* INSTRUCTIONS FOR THE TASK
Take the records below and set down exactly the lines from the one with "Mechanically the V-code" to the one with "Zutaten: Glukosesirup, Zucker, Rindergelatine, Frucht- und", ends included; do not copy the pictures.

* MATERIALS PROVIDED
>>>
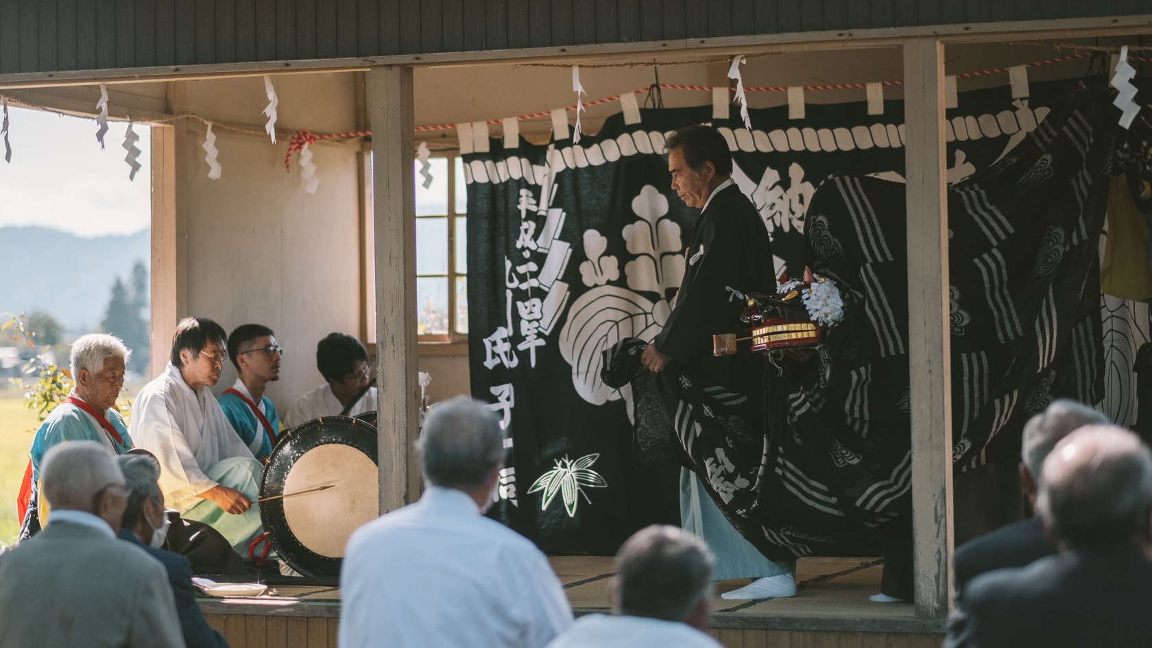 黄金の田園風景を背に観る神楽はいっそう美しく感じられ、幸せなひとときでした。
<<<
>>>
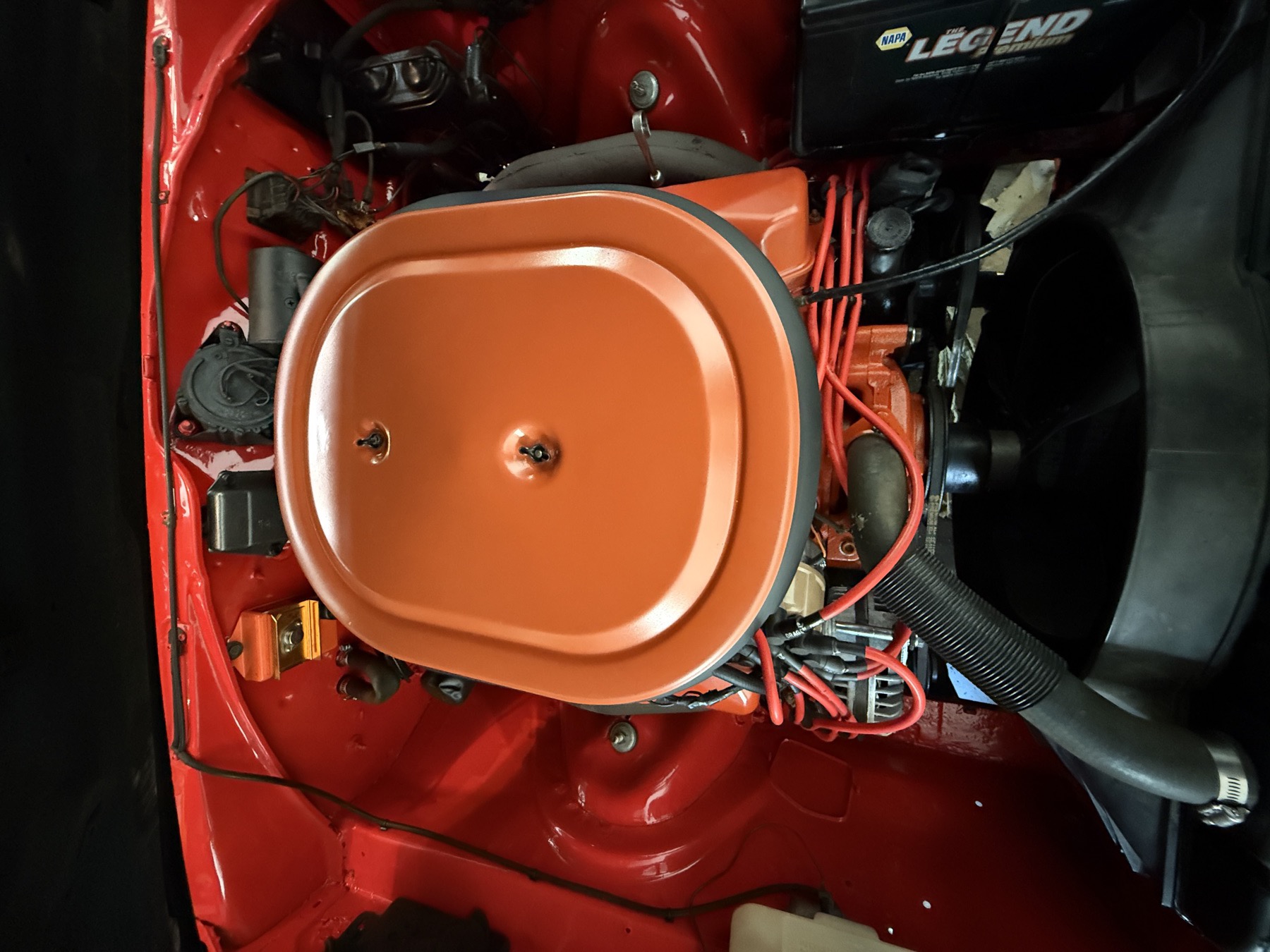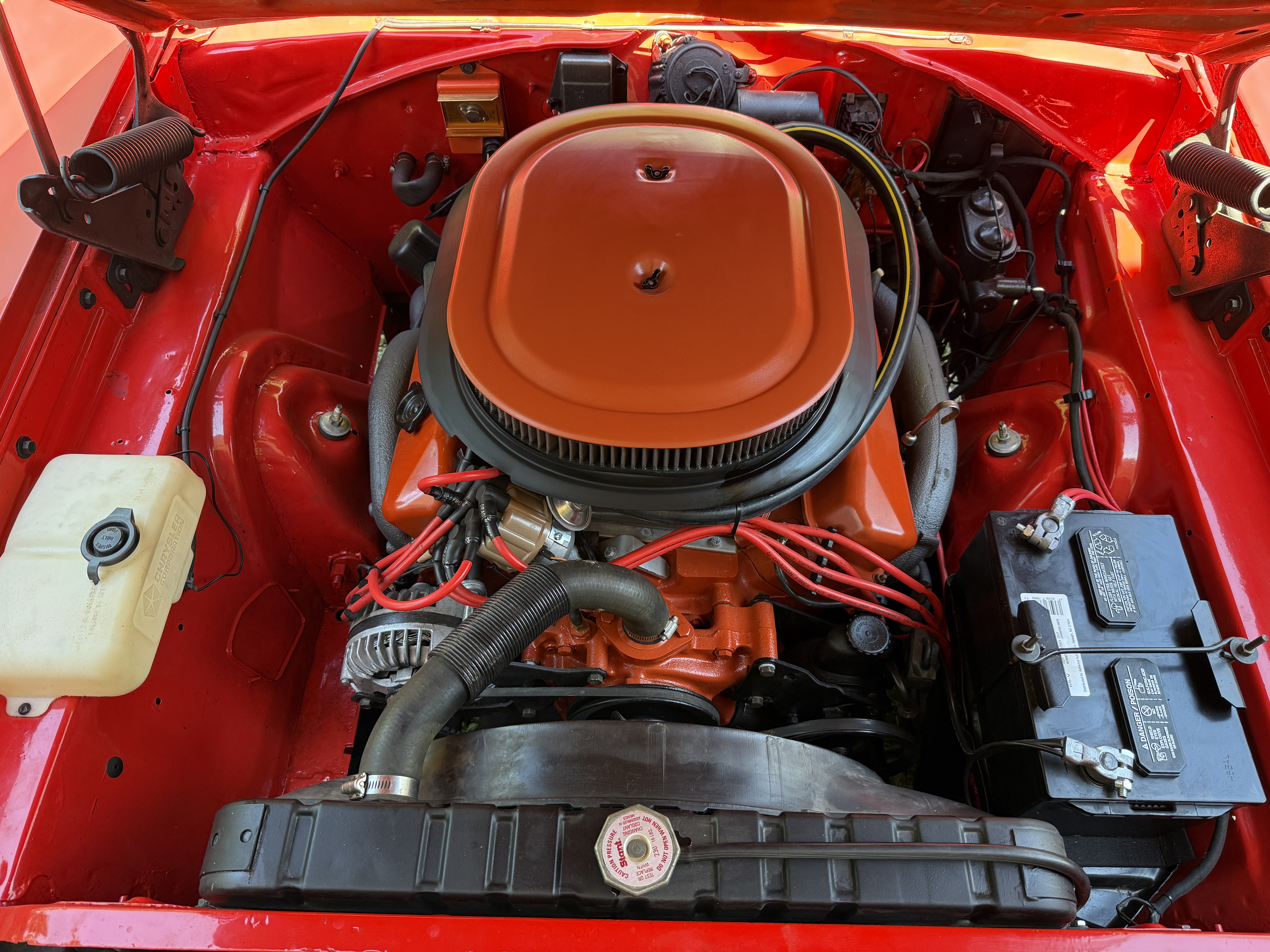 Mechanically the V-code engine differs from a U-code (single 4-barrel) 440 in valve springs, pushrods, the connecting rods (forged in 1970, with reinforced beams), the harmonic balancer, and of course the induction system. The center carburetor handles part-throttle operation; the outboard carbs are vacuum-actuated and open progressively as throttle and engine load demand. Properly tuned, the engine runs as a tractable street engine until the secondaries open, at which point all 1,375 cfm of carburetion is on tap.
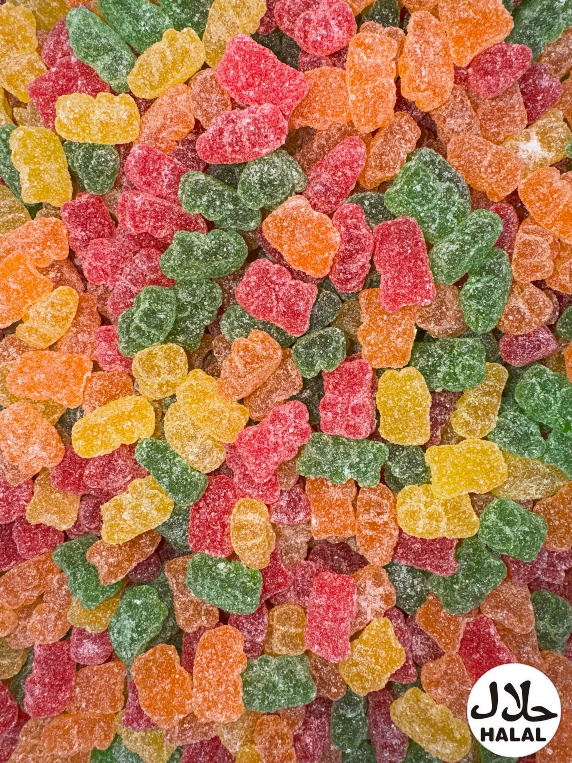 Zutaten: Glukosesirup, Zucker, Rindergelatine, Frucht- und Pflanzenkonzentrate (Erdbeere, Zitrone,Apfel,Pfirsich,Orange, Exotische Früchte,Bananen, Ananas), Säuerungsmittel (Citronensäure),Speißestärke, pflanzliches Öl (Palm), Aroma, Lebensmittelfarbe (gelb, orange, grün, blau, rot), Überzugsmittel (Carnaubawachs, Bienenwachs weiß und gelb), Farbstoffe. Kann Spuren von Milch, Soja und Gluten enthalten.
<<<
* RESPONSE BELOW
 Mechanically the V-code engine differs from a U-code (single 4-barrel) 440 in valve springs, pushrods, the connecting rods (forged in 1970, with reinforced beams), the harmonic balancer, and of course the induction system. The center carburetor handles part-throttle operation; the outboard carbs are vacuum-actuated and open progressively as throttle and engine load demand. Properly tuned, the engine runs as a tractable street engine until the secondaries open, at which point all 1,375 cfm of carburetion is on tap.
 Zutaten: Glukosesirup, Zucker, Rindergelatine, Frucht- und Pflanzenkonzentrate (Erdbeere, Zitrone,Apfel,Pfirsich,Orange, Exotische Früchte,Bananen, Ananas), Säuerungsmittel (Citronensäure),Speißestärke, pflanzliches Öl (Palm), Aroma, Lebensmittelfarbe (gelb, orange, grün, blau, rot), Überzugsmittel (Carnaubawachs, Bienenwachs weiß und gelb), Farbstoffe. Kann Spuren von Milch, Soja und Gluten enthalten.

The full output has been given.